# Your receiver isn't authorized to record this program (on HLN)



## itzme (Jan 17, 2008)

When I hit the record button on my C41 I got the message, "Your receiver isn't authorized to record this program" The program was Forensic Files on HLN. Anyone know what that means? I get a similar message if I try to record using More Info-Record Series, it reads "This program may not records because this receiver is not currently authorized for it". There's an option to "Schedule It Anyway" I had 90 minutes buffered when I tried, but I tried the first 30 mins and the last 30 mins with the same results.

I'm running 0x734 and on my HR44/700 I'm on 0x79e.


----------



## itzme (Jan 17, 2008)

OK. And I just re-authorized the receiver from the DTV web site. I'm still getting the message.


----------



## jimmie57 (Jun 26, 2010)

itzme said:


> OK. And I just re-authorized the receiver from the DTV web site. I'm still getting the message.


Call DTV and find out what is causing this.


----------



## Sea bass (Jun 10, 2005)

itzme said:


> When I hit the record button on my C41 I got the message, "Your receiver isn't authorized to record this program" The program was Forensic Files on HLN. Anyone know what that means?

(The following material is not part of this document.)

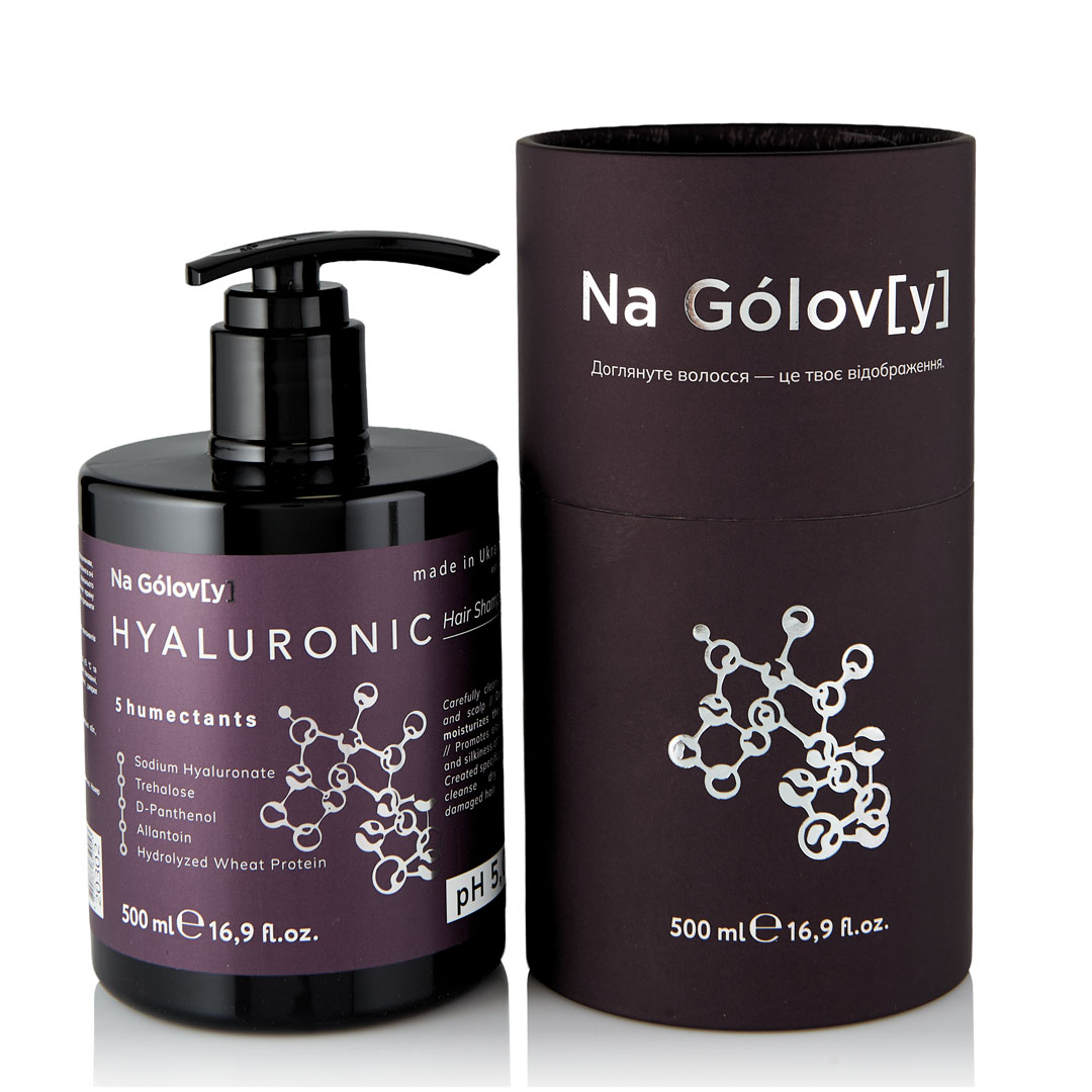 Гіалуроновий шампунь для волосся 5 зволожувачів ТМ «Na Gólov[y]» містить синергетичну комбінацію з п’яти зволожувальних компонентів і ніжно очищує волосся, насичуючи вологою навіть найбільш сухі пасма. Сприяє зволоженню, еластичності, блиску й шовковистості волосся. Створений спеціально для м’якого очищення сухого та пошкодженого волосся.
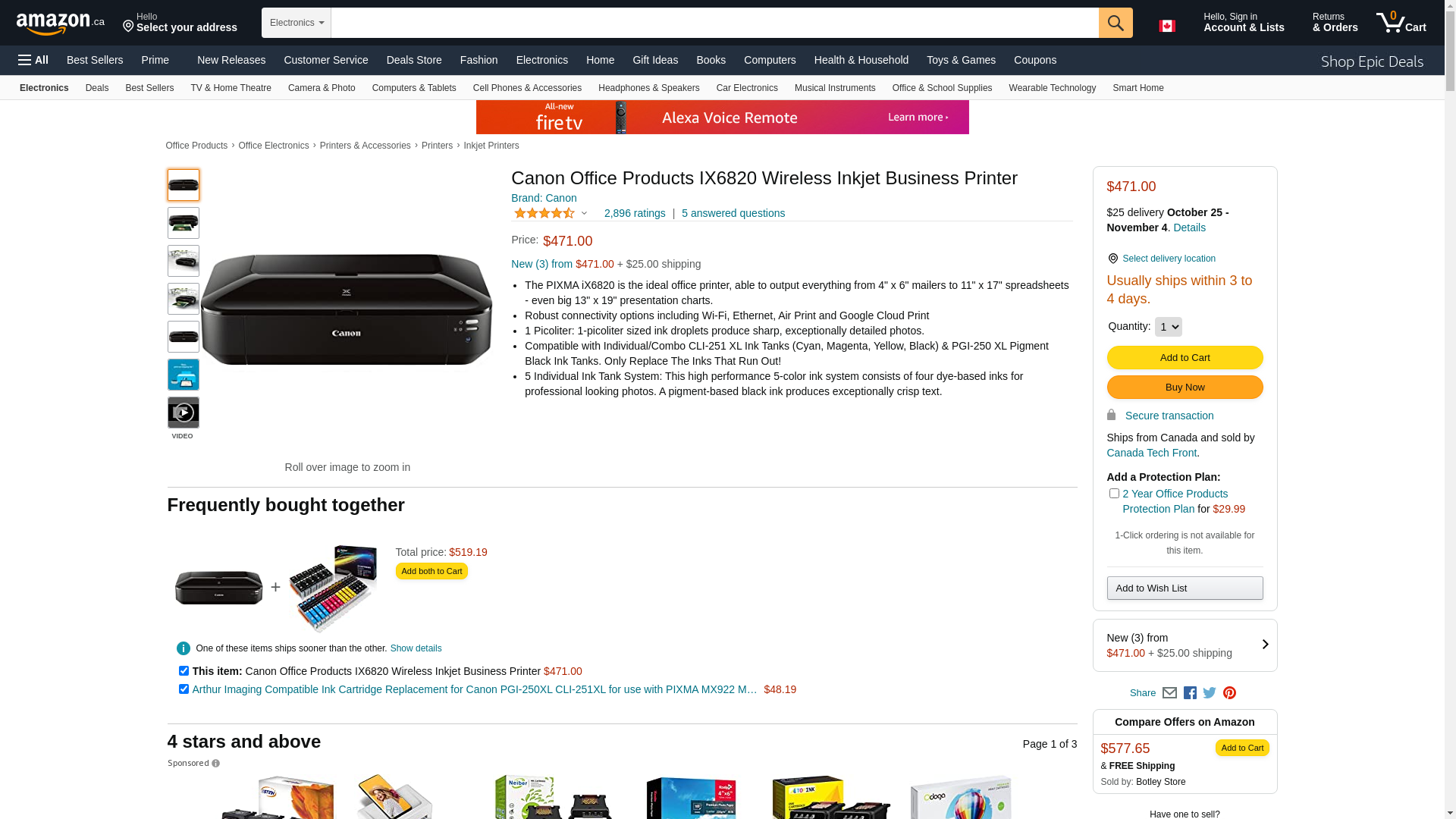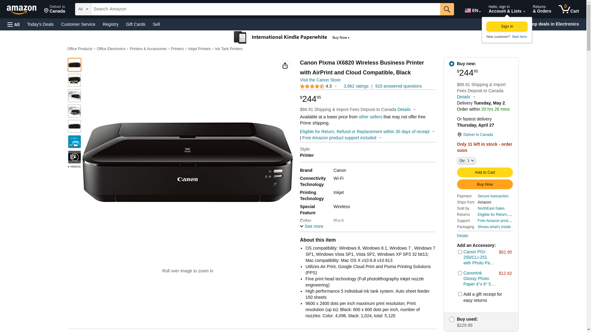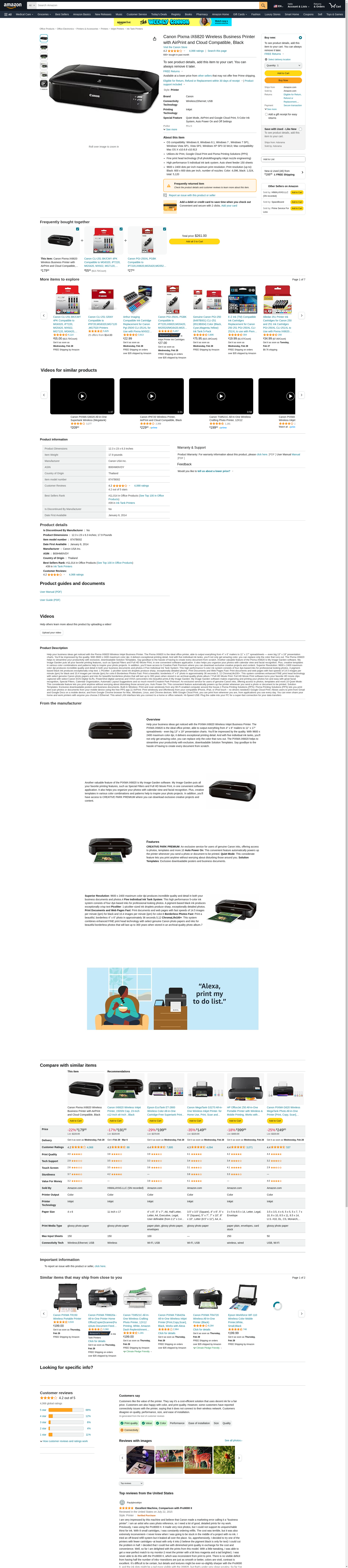 Help your business ideas get noticed with the PIXMA iX6820 Wireless Inkjet Business Printer. The PIXMA iX6820 is the ideal office printer, able to output everything from 4" x 6" mailers to 11" x 17" spreadsheets--even big 13" x 19" presentation charts. You'll be impressed by the quality. With 9600 x 2400 maximum color dpi, it delivers exceptional printing detail. With five individual ink tanks, you'll not only get amazing color, you can replace only the color that runs out. The PIXMA iX6820 helps to streamline your productivity with exclusive, downloadable Solution Templates. Say goodbye to the hassle of having to create every document from scratch. Maximum Print Speed (Black): 15 ppm; Maximum Print Speed (Color): 10 ppm; Print Resolution (Black) (Width x Height): 600 x 600 dpi; Print Resolution (Color) (Width x Height): 9600 x 2400 dpi.

I get a similar message if I try to record using More Info-Record Series, it reads "This program may not records because this receiver is not currently authorized for it". There's an option to "Schedule It Anyway" I had 90 minutes buffered when I tried, but I tried the first 30 mins and the last 30 mins with the same results.
> 
> I'm running 0x734 and on my HR44/700 I'm on 0x79e.


I had a similar issue with FNC ch 360 a few days back, I was switching over to check on 362 WEA to see if the weather channel was still on, got to FNC and a PPV message popped up saying something along the lines of "this airing cannot be purchased at this time" It was the FOX Report Issue cleared up when I switched channels... HR44-700

On a side note, it reminds me of a South Park episode when the kids put parental locks on the cable boxes to prevent the parents from watching "Murder Porn". There is a Directv reference in the episode too when the parents go to the cable company to complain and get back the Murder Porn...


----------



## HoTat2 (Nov 16, 2005)

Same here a few weeks ago on my HR34;

When I was watching an old episode of the Waltons on the Inspiration channel (364) while deep into the buffer decided to record it and kept getting the message.

I suppose its some sort of bug which chiefly manifests itself when trying to initiate a recording from the live buffer particularly when deep into it.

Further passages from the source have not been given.